The 2010 report represents the best efforts of a diverse group. In part, we built on the work of the previous Commission (4). Mostly, we tried to break away from what had become an inadequate, misleading, and extraordinarily confusing set of terms and concepts and to offer some alternatives to reflect changing understandings and knowledge afforded by the last 2 decades of scientific breakthroughs in genomics, neuroimaging, and neurophysiology. To that end, we advocated for more transparent language, so that the words we use help us to say what we mean and mean what we say without hand-waving or convoluted explanations. This is perhaps most pressing in the language used to discuss “causes” of epilepsy. The old “idiopathic” (meaning “presumed” genetic) sounds silly in the post-genomic world. “Symptomatic” itself isn't such a bad word, but isn't all epilepsy due to some underlying cause, whatever the nature of that cause might be?
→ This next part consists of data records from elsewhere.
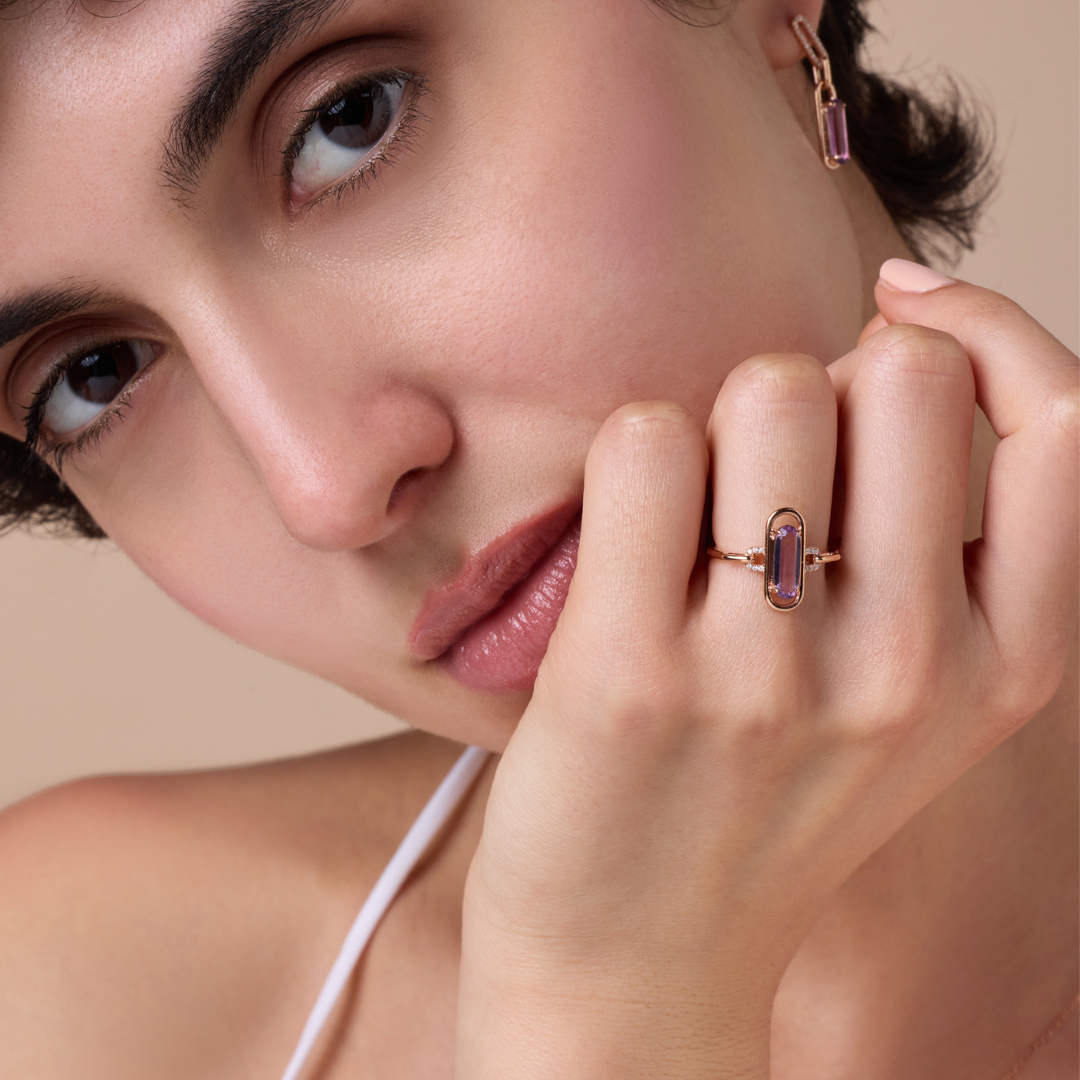 A radiant amethyst rests in rose gold, kissed by diamonds. symbolizing clarity, calm, and the quiet strength of refined femininity.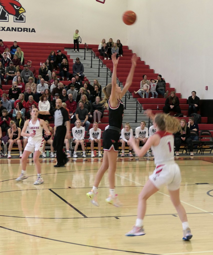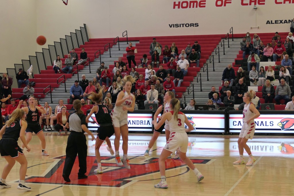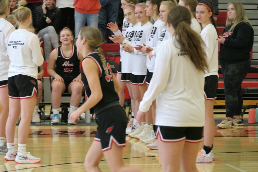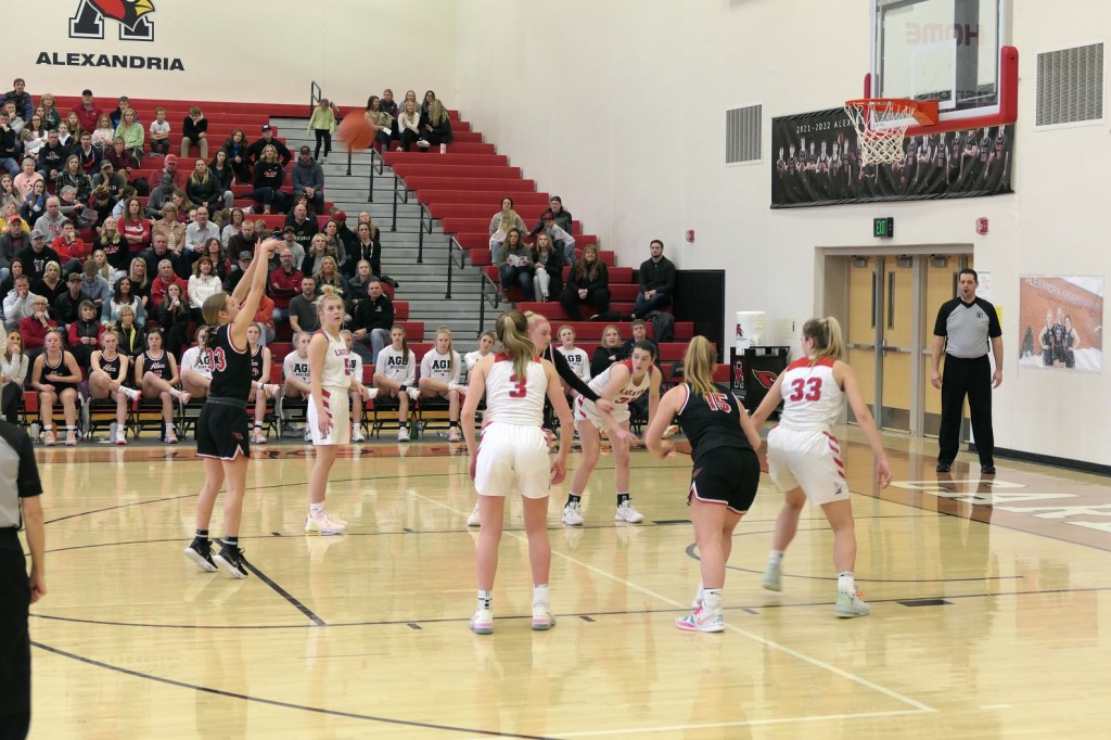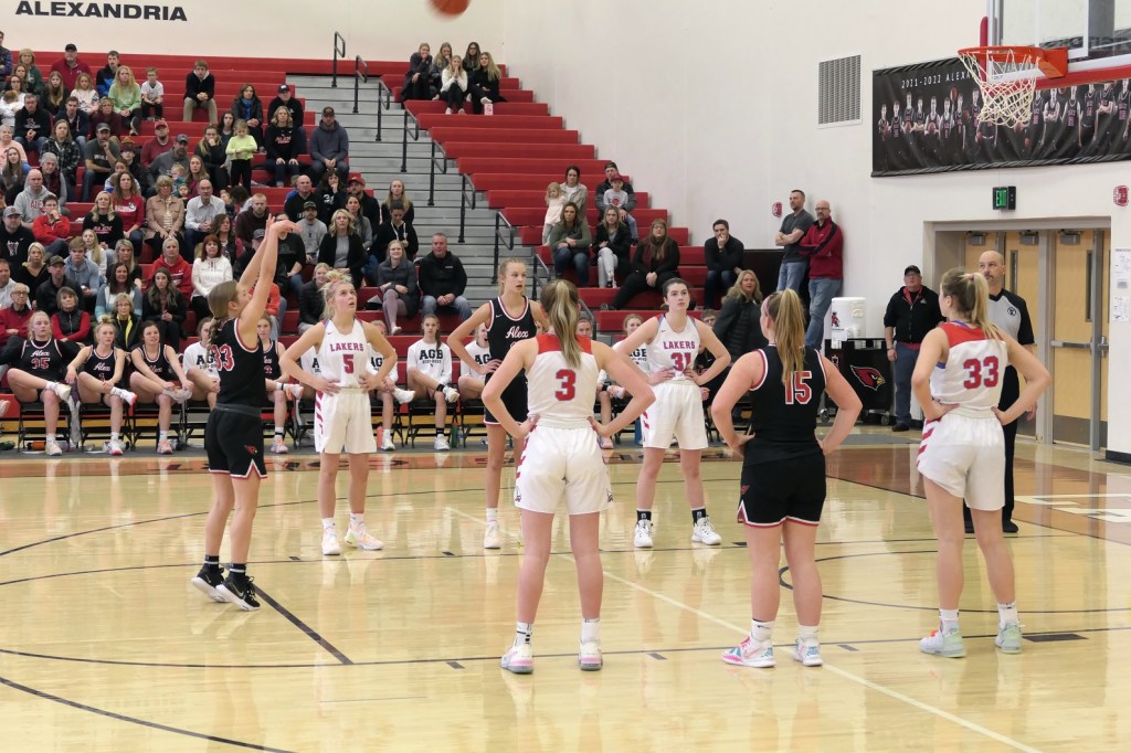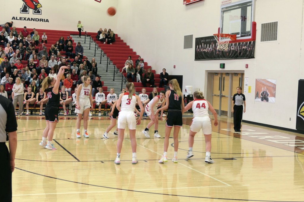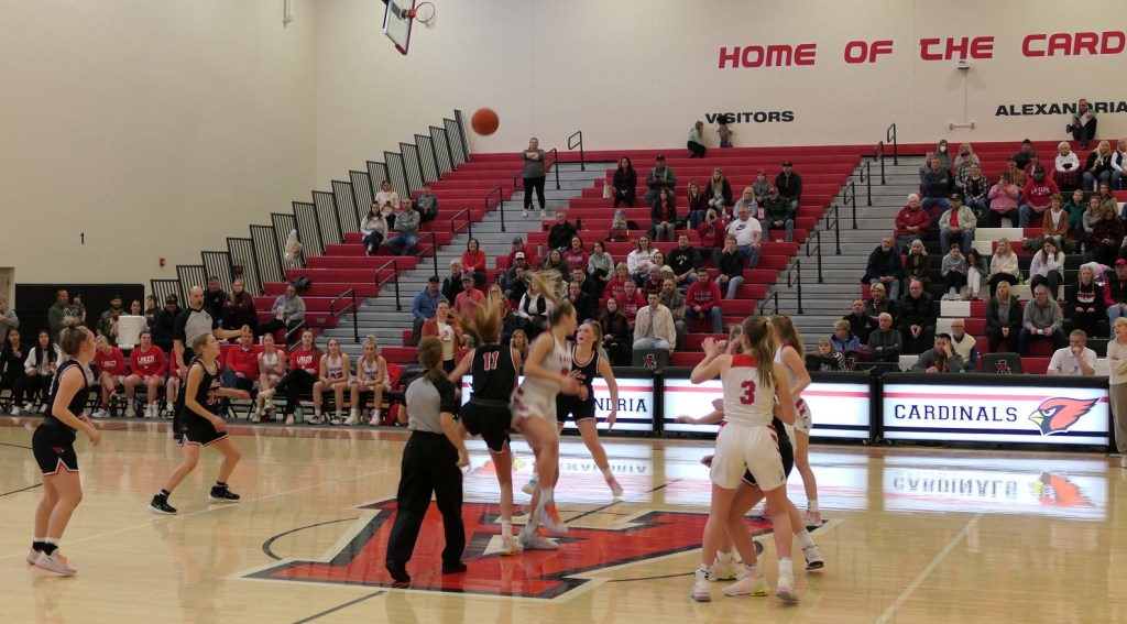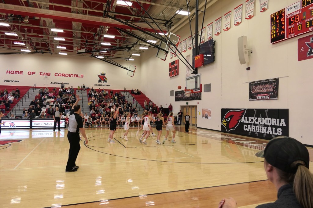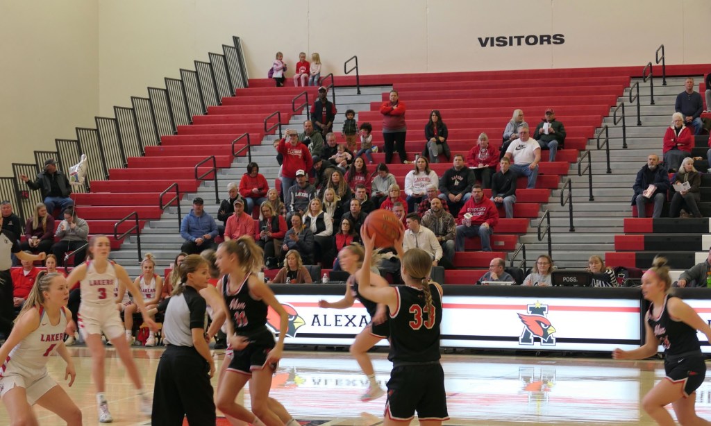 [The boys team had a game at Fergus Falls earlier in the afternoon. They won to tie for the conference title. Then they dropped by as fan support for the girls. Sometimes it just doesn’t work out . . . ]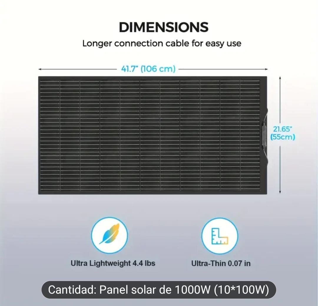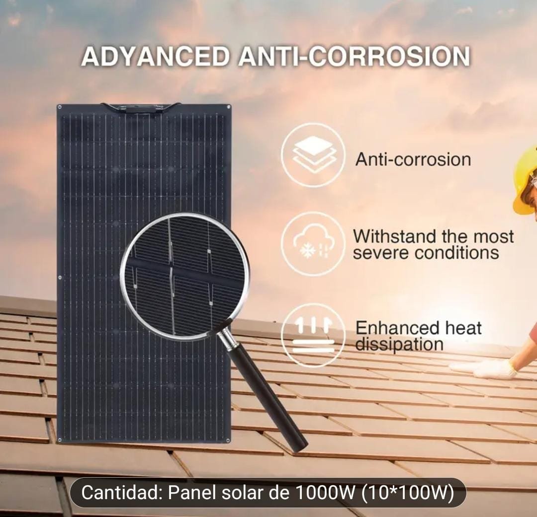 ✅ Potencia total: 1000W (10 paneles de 100W c/u)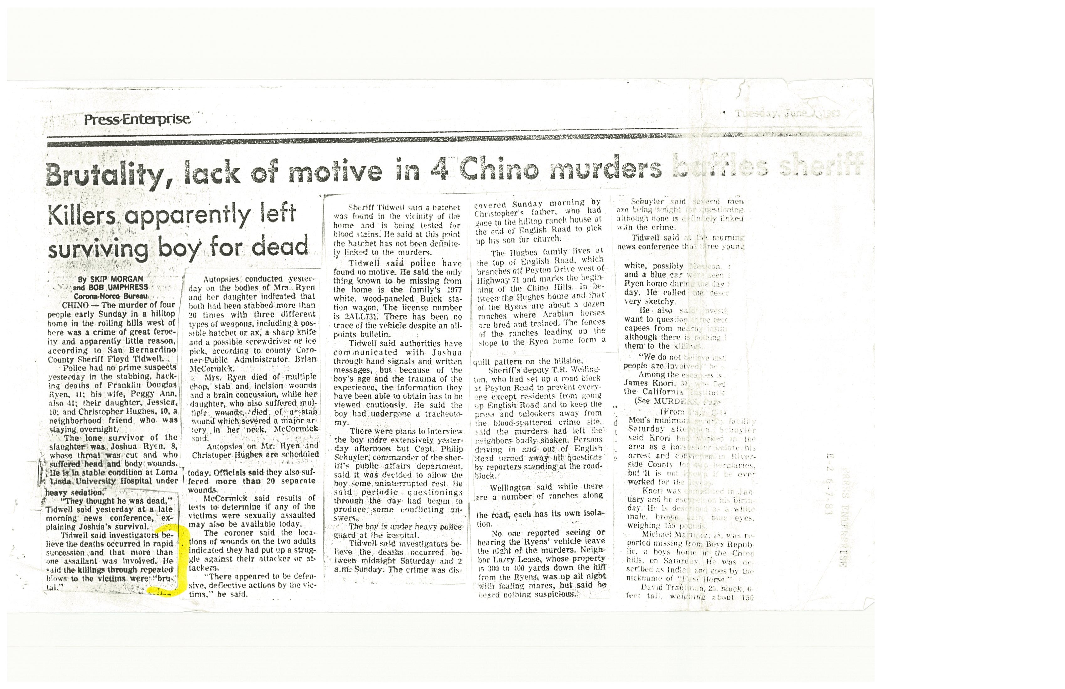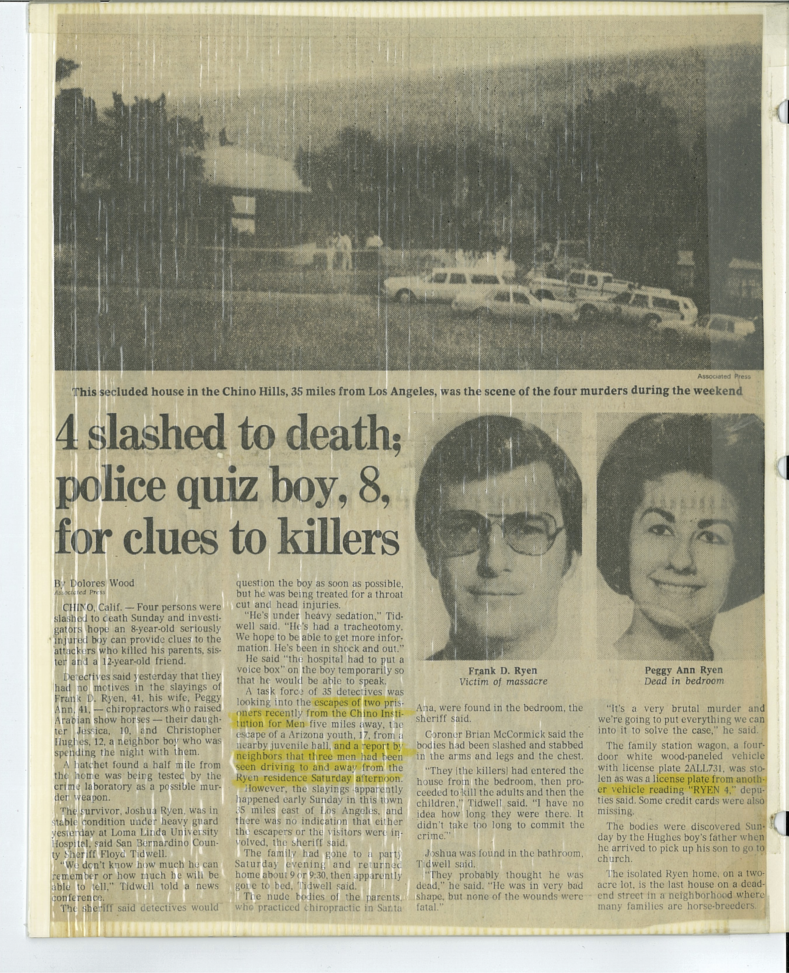 - Murders are discovered around 11AM. Survivor, Joshua Ryen is airlifted to hospital.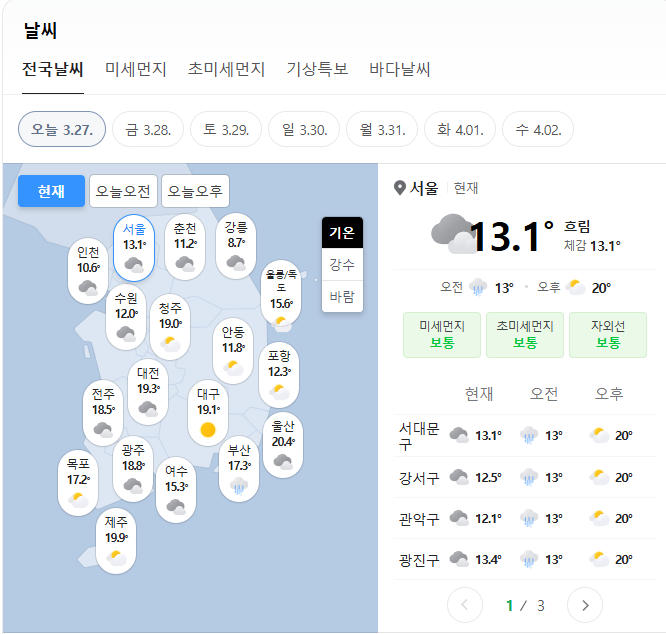 ※ 본 일기예보는 2025년 3월 27일 오전 9시 기준 기상청 발표 자료를 바탕으로 작성되었습니다.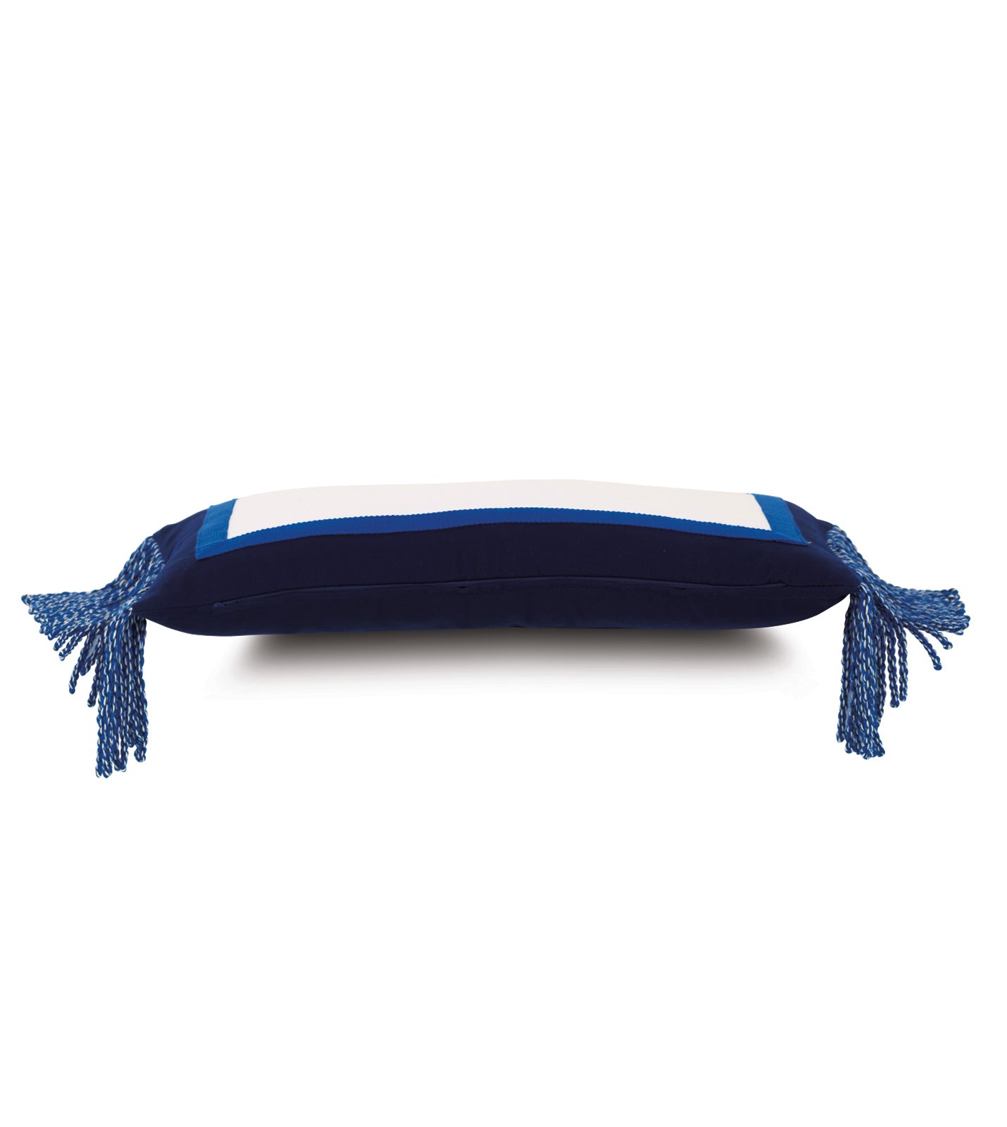 Add a touch of sophisticated simplicity to your outdoor space with this navy blue outdoor pillow, featuring fun bullion fringe on each side.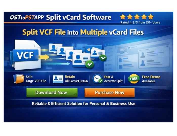Managing a large contact database stored in a single VCF file can slow down access and create difficulties while importing contacts. The SameTools Split vCard Tool provides a safe and efficient way to split VCF file data into multiple individual contact files. This professional vCard splitter allows users to easily split vCard contacts without altering the original contact information. The software is a useful tool. It allows you to separate individual vCards from a single vCard file. When doing this, the process maintains all relevant details. VCard separates all data, including your first and last name; your phone number; your e-mail address; your organization information; and your profile picture. You can use the software with VCard files that were created on a smartphone, an e-mail software, or through some type of cloud service. Compatible with different Windows versions, this tool ensures a smooth and secure contact splitting process, helping users organize large contact files into smaller and well-structured VCF contacts.

What does saying that epilepsy is “symptomatic” add? The worst term was “cryptogenic” meaning presumed symptomatic, but symptomatic of what, perhaps a mutation in CHRNA2, or CHRNA4, or CHRNB2 as in the case of autosomal dominant nocturnal frontal lobe epilepsy? The aligning of the term “idiopathic” with “benign” and “easily treated” is especially problematic in light of disorders such as Dravet syndrome, as genetic an epilepsy as we have yet to see, or epilepsies secondary to SLC2A1 mutations, the gene that codes for the GLUT-1 transporter. Is severe GLUT-1 deficiency syndrome symptomatic (because it has a bad outcome) (5); and early-onset absence epilepsy secondary to mutations in the same gene “idiopathic” because it looks like childhood absence epilepsy (6)? Cause should not be confused with natural history or outcome; many genetic disorders are lethal. How does one handle the possibility that the some of the “idiopathic” epilepsies may be the result of subtle malformations of cortical development (7). Given the extraordinary advances in knowledge and understanding, is it not now time to start calling a spade a spade, and a channelopathy a channelopathy?

Another change was in simplification of seizure types. Most notably, we continued a process initiated in the previous Commission of decommissioning the terms “simple partial” and “complex partial” in reference to focal-onset seizures. Many lament the loss of these “useful” and “clearly understood” terms, but are they useful and clearly understood? Certainly in pediatric epilepsy, their use tends toward the wild guess and leaves one hard-pressed to classify events in preverbal or severely impaired children, or to classify hemi-convulsions or hypermotor seizures. The arguments offered for retaining them are often two-fold: first, the distinction between simple and complex partial is useful for deciding whether someone can drive. If that is the case, perhaps the decision should be made on an individual basis, based upon the actual seizure manifestations not an artificial classification of them. For example, hemi-convulsions, even if consciousness is preserved, may not be compatible with maintaining adequate control of a vehicle (or riding a bicycle), nor are some “generalized” seizures that do not necessarily involve impaired consciousness (e.g., atonic or massive myoclonic seizures). The other argument is that they are time-honored distinctions used in randomized trials. So, how well is that working for us? Researchers in the field constantly lament that, despite all of the new drugs, treatment of epilepsy, at least for control of seizures, is no better than it was 20 or 30 years ago. Randomized trial data do not provide evidence of a compelling difference among drugs used for these nonsyndromic epilepsies (8). At the same time, we see an almost stochastic response to sequential new drugs (9); just keep trying and one will eventually work. But is it stochastic? Without studying the differences between responders and nonresponders to individual drugs, and instead just lumping everyone together as having “partial epilepsy” with “complex partial” seizures, how can we possibly know? Might a more precise characterization of seizures and epilepsies provide key information that, as is clearly the case in pediatric epilepsy syndromes, just might help improve use of the large and growing number of antiepileptic drugs (AEDs)? For the time being, the 2010 Commission report incorporated an approach advocated in an earlier Commission report from 2001 on ictal semiology (10), although the content of the 2001 report needs expanding.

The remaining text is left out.